Nicklas Backstrom posted a goal and four assists as the Washington Capitals thoroughly embarrassed the Flyers, 8-2, at Wachovia Center, in the first game for new Philadelphia head coach Peter Laviolette.

Mike Green contributed two goals and two helpers for the Capitals, who tallied seven times over the first 40 minutes to pick up their fifth consecutive win. Tomas Fleischmann lit the lamp twice, while Brooks Laich, Chris Clark and David Steckel scored once each.

Jose Theodore stopped 34 shots for Washington, which missed a handful of regulars -- including Alex Ovechkin who was serving the final game of his suspension -- but managed to score four times on the power play and record the most goals in one game at Philadelphia in franchise history.

Scott Hartnell and Mika Pyorala provided the offense for the Flyers, who put together their worst home performance of the season.

Laviolette was brought in on Friday evening, just hours after the club fired John Stevens who had been behind the bench since October, 2006.

Starter Ray Emery was tagged in the loss for five goals on 17 shots in 31-plus minutes. Brian Boucher yielded three scores on 13 shots over the remainder of the game for Philadelphia, which suffered its seventh loss in eight contests.

The long night for the home team began with just 57 seconds played, as Brendan Morrison connected with Fleischmann for an easy tap-in.

Pyorala then snapped the Flyers' long scoreless streak, slamming home the rebound of an Oskars Bartulis point shot with 7:54 left in the first, but the contest took a decisive turn a little more than two minutes later.

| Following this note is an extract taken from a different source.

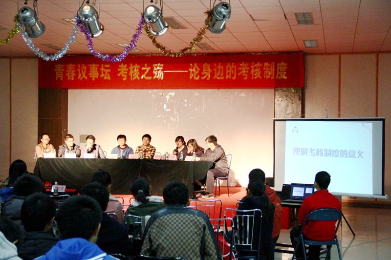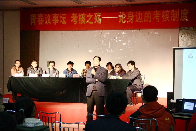 2013年11月28日下午16:00,由英国365集团公司团委主办的青春议事坛在将军路校区艺术中心二楼多功能厅召开,此次青春议事坛的议事主题是考核之殇——论身边的考核制度。参加此次青春议事坛活动的有英国365集团公司党委副书记季海群老师、13级辅导员周贞琪老师、来自英国365集团公司的八位才思敏捷的辩手以及全校范围内前来进行思想碰撞的学生们。

Philly enforcer Dan Carcillo was given minors for cross-checking and instigation, a fighting major, a 10-minute misconduct and a game misconduct for knocking down Caps forward Matt Bradley with one punch. Bradley had not been prepared to meet Carcillo's challenge, then was bloodied a split second before he was able to drop his gloves and steady himself.

Armed with a nine-minute advantage, the Caps struck for a pair of scores 20 seconds apart by Fleischmann and Green for a 3-1 game.

Still on the extended power play, Laich's fluttering shot eluded Emery 36 seconds into the second period and Washington led by three.

Clark then sent a blistering shot home from the right circle with 8:46 left in the second for a 5-1 game just after a Flyers power play expired. Boucher came on for Emery but Backstrom converted a rebound from the top of the crease 48 seconds later.

It was 7-1 for the visitors when Backstrom fed Green for a one-timer in the slot at 15:23 and the Caps took the six-goal bulge to intermission.

Hartnell's one-timer off a dish from Jon Kalinski at 6:09 of the third period brought the Flyers' deficit to five once more, but Hartnell's slashing penalty led to Washington's eighth and final goal, from Steckel, at 10:57.

The Capitals sat back for the remainder of regulation but the Flyers were unable to put a further dent in their deficit despite a 15-5 shot advantage.

Notes: Washington's most decisive prior triumph in Philadelphia came on January 8, 1984, a 7-1 win where Bengt Gustafsson scored five goals...Pyorala's goal snapped a scoreless string of 172 minutes, 10 seconds dating back to the end of the first period in last Friday's home game against Buffalo...Pittsburgh was the last club to score eight against the Flyers at home, in an 8-2 victory on October 28, 2006...Philly hadn't lost a home game by six goals since a 6-0 setback to Tampa Bay on January 28, 2006.